The Sheya community is going through some interesting changes lately. Which in turn are stirring up some interesting issues and generating good discussion. What I find fascinating is that it's so easy to not see when something is our own issue. We become so determined that this thing is right and proper and that others just are not seeing the truth of it that we loose all sight of how things actually are. 

One of the issues that has come up is that of providing certificates of completion for those going through an initiation. For some reason, this hits me right in one of my own issues. I obviously need to work this out before taking it to the rest of the community.

It my mind, the initiations are tremendously sacred and powerful doorways into the sacred Mysteries that lie at the heart of the human experience. As such, it strikes me a somewhat absurd to go through such a transformative, mind-blowing experience and then be handed a certificate that states that you have, in fact, been through this experience. It's kind of like getting a certificate that states that you have received a tattoo - isn't the experience itself certification enough? Apparently not. 

So how do I address this? I recognize that my response is based on my own deep reverence for the initiatory process which I feel would be defiled by certification. But would it? Would the Mysteries be changed or lessened in any way if we handed the initiates a piece of paper afterwards that proclaims that they are now an a certified initiate? Hmmmmm. . . .

There are other questions that have been raised by the recently announced changes to our mentoring program, but most of them don't even ruffle my feathers. So I can tell that this one has managed to run right into one of my own personal shadows. Perhaps I am afraid that if we are not properly respectful of these awesome mysteries, that they will cease to function for us. Isn't that a little like being afraid that gravity will stop working if I don't brush my teeth? 

But what to do? The reality of it is: I really don't WANT there to be anything that lessens or distorts the impact of the initiations in any way - and there is nothing I can really do about that other than to continue to honor them and to provide the best and clearest initiations that I can, training other initiators to do the same. And I believe that I need to give our students the opportunity - should they so desire it - to have another piece of paper to hang on their walls.

namaste

Wednesday, June 11, 2008

looking in the mirror

Our social evolution impacts our personal lives as well as our society as a whole. The movement away from integrated community toward radical individualism has birthed a whole spectrum of new reactions to old stimuli. One clear example is the tendency to draw away from others when hurt. I've seen this in myself as well as in my friends and clients. We seem to think that there is comfort and/or safety in being separate. But all this does is lead to greater separation and further frustrates our hunger for connection. 

When we look at the animal world for reflections of our own nature, we tend to think of the "lone wolf", the eagle, the lion or other predators with little or no tie to community. But the closest real reflection of us in the animal world is the ape - a very communal animal. So - why do we so often chose to see ourselves as an anti-social predator, rather than a communal omnivore? Whatever the answer, this certainly reflects a long standing movement in human consciousness. I don't know when it began, but there is a long history of predators being chosen to symbolize nations. 
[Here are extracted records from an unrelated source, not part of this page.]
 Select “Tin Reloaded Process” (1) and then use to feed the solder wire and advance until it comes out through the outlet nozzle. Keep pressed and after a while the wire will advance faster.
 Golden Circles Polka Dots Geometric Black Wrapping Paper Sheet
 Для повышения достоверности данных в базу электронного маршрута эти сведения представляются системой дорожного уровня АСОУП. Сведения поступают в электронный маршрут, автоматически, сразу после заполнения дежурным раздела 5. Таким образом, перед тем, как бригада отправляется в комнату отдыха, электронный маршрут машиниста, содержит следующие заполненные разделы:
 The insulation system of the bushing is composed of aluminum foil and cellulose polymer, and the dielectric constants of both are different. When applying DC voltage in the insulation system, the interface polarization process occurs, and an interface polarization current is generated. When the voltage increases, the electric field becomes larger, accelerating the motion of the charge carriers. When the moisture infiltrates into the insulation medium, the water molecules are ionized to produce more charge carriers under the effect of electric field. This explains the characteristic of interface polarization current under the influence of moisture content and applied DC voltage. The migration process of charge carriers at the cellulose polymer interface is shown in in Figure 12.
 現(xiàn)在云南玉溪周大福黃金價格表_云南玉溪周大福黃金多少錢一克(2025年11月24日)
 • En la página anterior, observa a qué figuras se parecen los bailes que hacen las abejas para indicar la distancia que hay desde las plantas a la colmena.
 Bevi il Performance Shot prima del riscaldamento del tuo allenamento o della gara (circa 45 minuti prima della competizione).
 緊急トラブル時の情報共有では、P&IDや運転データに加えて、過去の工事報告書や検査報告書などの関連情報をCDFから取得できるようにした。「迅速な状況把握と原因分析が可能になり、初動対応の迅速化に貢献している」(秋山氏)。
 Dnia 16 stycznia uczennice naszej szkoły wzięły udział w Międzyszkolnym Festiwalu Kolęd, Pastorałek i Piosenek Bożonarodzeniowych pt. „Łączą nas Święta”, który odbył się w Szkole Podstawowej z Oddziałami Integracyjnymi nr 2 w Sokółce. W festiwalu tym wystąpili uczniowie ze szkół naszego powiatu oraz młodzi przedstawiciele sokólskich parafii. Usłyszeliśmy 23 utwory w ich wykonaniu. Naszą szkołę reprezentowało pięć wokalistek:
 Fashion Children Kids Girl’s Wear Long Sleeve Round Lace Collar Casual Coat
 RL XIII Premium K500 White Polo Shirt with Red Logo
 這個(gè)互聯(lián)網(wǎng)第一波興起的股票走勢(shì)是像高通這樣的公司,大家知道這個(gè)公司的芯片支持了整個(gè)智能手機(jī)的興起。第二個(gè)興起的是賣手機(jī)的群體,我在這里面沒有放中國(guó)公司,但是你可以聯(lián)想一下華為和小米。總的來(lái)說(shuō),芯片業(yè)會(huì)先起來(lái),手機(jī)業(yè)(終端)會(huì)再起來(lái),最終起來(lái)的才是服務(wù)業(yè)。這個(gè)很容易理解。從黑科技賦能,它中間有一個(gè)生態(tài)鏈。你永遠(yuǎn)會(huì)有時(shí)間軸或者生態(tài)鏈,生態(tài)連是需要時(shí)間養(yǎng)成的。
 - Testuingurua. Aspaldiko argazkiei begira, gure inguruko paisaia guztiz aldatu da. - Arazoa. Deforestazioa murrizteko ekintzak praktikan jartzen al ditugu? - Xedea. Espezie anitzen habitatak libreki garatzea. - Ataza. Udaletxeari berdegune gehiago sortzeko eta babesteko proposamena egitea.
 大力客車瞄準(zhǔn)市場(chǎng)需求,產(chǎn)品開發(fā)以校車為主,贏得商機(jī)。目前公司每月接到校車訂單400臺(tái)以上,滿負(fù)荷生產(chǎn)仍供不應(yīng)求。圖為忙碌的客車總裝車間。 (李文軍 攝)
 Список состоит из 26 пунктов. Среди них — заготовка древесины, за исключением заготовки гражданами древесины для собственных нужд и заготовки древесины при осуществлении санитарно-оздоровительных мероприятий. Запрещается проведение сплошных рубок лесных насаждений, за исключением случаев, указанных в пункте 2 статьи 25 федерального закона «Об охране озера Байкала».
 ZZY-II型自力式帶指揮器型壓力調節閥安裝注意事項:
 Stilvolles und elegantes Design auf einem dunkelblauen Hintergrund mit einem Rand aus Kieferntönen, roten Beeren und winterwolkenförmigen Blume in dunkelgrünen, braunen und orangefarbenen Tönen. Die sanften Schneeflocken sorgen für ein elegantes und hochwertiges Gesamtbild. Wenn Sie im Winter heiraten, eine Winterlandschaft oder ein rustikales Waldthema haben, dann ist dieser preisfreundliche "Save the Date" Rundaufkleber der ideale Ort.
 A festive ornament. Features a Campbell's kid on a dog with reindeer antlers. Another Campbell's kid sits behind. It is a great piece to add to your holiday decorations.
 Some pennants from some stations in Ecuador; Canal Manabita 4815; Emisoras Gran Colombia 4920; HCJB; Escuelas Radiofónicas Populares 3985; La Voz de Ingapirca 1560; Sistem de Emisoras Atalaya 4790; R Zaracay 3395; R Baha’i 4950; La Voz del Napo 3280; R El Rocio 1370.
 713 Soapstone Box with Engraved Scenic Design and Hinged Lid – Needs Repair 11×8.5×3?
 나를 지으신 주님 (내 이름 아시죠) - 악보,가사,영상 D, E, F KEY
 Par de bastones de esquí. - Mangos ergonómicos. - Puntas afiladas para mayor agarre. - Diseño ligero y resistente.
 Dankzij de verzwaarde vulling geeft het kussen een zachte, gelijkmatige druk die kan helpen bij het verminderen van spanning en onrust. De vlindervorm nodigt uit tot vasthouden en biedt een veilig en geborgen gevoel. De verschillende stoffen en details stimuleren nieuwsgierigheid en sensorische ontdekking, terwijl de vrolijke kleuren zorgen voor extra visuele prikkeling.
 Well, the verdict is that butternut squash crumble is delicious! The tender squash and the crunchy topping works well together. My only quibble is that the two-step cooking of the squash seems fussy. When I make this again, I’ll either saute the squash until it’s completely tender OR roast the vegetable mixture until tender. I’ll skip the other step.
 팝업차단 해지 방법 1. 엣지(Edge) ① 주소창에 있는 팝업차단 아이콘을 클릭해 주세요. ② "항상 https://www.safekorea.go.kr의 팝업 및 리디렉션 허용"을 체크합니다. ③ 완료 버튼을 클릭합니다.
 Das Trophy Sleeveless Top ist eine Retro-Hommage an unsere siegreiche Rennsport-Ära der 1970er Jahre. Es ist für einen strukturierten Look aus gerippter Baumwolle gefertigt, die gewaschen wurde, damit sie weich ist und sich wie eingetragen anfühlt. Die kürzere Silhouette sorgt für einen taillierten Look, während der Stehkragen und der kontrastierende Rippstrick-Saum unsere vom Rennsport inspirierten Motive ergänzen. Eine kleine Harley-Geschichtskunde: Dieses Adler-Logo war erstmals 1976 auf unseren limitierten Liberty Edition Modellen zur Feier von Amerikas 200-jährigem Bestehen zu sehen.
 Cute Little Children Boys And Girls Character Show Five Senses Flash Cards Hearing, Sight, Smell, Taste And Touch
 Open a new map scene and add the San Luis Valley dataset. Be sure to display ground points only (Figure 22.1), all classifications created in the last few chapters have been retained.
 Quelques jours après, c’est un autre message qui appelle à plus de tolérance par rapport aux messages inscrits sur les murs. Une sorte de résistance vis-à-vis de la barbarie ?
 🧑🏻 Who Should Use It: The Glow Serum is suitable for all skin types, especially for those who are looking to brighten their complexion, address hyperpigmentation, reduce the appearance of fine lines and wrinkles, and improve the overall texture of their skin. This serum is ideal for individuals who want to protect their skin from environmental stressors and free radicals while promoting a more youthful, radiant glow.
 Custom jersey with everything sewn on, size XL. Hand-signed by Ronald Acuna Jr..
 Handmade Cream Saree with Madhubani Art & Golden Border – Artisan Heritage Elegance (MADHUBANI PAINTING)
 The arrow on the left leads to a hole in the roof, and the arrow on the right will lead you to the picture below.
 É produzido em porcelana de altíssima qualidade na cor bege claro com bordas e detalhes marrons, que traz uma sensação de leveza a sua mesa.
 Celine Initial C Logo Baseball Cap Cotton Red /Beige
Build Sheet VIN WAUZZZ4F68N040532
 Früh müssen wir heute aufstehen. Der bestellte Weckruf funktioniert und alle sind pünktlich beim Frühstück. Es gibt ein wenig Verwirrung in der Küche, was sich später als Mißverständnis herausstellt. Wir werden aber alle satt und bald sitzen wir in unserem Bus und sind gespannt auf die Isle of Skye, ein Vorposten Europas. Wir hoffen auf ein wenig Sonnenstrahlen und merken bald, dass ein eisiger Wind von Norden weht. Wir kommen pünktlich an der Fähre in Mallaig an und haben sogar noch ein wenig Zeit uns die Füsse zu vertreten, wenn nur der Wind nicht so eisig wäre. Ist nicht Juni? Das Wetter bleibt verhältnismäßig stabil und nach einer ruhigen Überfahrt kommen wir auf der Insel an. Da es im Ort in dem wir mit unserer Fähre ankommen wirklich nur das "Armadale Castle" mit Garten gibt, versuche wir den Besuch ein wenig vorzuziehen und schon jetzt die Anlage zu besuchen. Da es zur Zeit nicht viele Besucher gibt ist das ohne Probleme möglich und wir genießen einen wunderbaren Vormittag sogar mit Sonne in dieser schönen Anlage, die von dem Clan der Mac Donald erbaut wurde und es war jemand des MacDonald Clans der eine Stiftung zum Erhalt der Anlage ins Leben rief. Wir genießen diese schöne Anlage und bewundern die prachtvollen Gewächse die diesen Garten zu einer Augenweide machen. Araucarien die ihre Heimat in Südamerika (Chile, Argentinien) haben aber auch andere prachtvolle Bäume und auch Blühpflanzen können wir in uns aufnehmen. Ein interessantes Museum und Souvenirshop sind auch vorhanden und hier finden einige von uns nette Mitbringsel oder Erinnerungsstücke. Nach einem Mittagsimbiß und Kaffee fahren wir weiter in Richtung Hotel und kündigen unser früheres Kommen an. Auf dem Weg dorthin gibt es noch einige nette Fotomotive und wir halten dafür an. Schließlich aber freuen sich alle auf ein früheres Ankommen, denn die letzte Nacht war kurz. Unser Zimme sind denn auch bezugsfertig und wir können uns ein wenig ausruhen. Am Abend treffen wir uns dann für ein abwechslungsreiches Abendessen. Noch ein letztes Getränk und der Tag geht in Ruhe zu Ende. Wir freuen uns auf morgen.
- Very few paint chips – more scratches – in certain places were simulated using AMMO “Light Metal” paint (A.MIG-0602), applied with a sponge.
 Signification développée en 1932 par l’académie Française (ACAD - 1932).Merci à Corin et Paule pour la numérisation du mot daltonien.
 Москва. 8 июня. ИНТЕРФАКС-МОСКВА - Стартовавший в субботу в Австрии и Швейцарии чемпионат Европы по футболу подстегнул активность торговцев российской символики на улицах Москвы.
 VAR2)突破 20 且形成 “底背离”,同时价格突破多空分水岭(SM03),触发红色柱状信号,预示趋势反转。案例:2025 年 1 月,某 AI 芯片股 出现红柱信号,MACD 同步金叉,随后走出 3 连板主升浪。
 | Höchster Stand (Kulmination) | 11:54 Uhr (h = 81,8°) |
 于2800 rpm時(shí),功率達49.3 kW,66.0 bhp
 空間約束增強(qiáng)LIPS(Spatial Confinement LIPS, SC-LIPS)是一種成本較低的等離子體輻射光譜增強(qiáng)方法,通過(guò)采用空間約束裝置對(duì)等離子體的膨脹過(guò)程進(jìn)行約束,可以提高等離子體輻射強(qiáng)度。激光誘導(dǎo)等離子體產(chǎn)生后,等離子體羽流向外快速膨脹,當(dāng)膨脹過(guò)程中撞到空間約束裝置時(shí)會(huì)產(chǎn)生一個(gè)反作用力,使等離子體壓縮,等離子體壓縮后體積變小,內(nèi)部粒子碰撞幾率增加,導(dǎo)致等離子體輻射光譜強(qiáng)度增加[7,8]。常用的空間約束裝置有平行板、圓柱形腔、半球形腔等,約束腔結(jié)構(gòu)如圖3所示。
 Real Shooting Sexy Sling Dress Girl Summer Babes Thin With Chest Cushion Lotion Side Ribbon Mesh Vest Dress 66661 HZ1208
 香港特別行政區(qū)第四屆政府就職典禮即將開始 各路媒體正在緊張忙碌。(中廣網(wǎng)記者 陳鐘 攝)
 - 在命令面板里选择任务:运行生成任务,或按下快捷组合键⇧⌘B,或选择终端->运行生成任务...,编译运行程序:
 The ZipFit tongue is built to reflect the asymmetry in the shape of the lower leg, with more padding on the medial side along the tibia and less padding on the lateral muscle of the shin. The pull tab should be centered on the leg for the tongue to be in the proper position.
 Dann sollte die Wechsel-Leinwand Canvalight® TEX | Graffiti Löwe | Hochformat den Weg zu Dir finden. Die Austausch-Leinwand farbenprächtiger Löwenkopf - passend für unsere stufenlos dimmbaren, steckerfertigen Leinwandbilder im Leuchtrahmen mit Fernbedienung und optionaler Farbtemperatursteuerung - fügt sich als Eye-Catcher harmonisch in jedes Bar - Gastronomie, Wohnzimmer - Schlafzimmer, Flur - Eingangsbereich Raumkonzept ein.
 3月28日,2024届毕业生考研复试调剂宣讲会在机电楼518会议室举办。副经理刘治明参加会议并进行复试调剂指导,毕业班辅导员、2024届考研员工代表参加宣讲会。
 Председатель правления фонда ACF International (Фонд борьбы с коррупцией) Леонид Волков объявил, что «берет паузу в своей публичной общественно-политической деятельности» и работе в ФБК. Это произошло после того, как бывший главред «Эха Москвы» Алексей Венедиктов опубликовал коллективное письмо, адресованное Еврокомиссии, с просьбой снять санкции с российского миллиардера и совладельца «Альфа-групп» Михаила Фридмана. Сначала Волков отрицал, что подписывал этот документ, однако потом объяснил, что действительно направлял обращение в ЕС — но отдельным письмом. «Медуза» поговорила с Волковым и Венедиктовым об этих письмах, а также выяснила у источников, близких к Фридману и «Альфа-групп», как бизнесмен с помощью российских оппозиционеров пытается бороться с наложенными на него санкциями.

Perhaps we need to consider what it would be like to have a nation whose symbol in the bonobo ape.

namaste

Monday, June 9, 2008

Diving for pearls. . .

Like pearl divers, who learn how to hold their breath for considerably longer than the average person, we modern humans have learned - however unintentionally - to live without the necessary element of community. However, as any pearl diver can tell you, the need does not go away. 

Unfortunately it seems that we've forgotten that we have this need for community, and in the process, forgotten what community is. You can see the frantic attempts to fulfill this essential hunger - in the creation of internet "tribes", Special Interest Groups, sport clubs and other new variations on the theme of community. What it comes down to is that we are desperately hungry for real connection with others. And our modern culture has evolved by ignoring and attempting to replace this fundamental need with personal achievement, individual recognition and sovereignty. While these may all be good things in and of themselves, they also keep us from realizing that we cannot do it alone. 

It is past time for us to rediscover the recipe for real community. It will not be a return to the way things were. We can't go back. It will need to be a movement forward, informed and inspired by what we once had, but honoring who we have become. Rather than returning to a sense of tribe in which the individual is submerged in the whole, we will need to explore how to create a real sense of connection and integration between sovereign and equal individuals. This will mean going through a lot of work - together. It will be more than swapping emails, IMs and blogs. It will mean getting sweaty and dirty working together on something of value to the whole group. It will mean going beyond the range of comfort for those who you share this wholeness with. It will mean living in proximity and committing to maintaining that proximity, even when it becomes difficult. It will mean working THROUGH difficulties together. 

Only by going through the necessary stages of development together can a group hope to become a whole. It seems to me that more and more of our rugged individualists are ready to make this leap into the unknown and unremembered place of communion.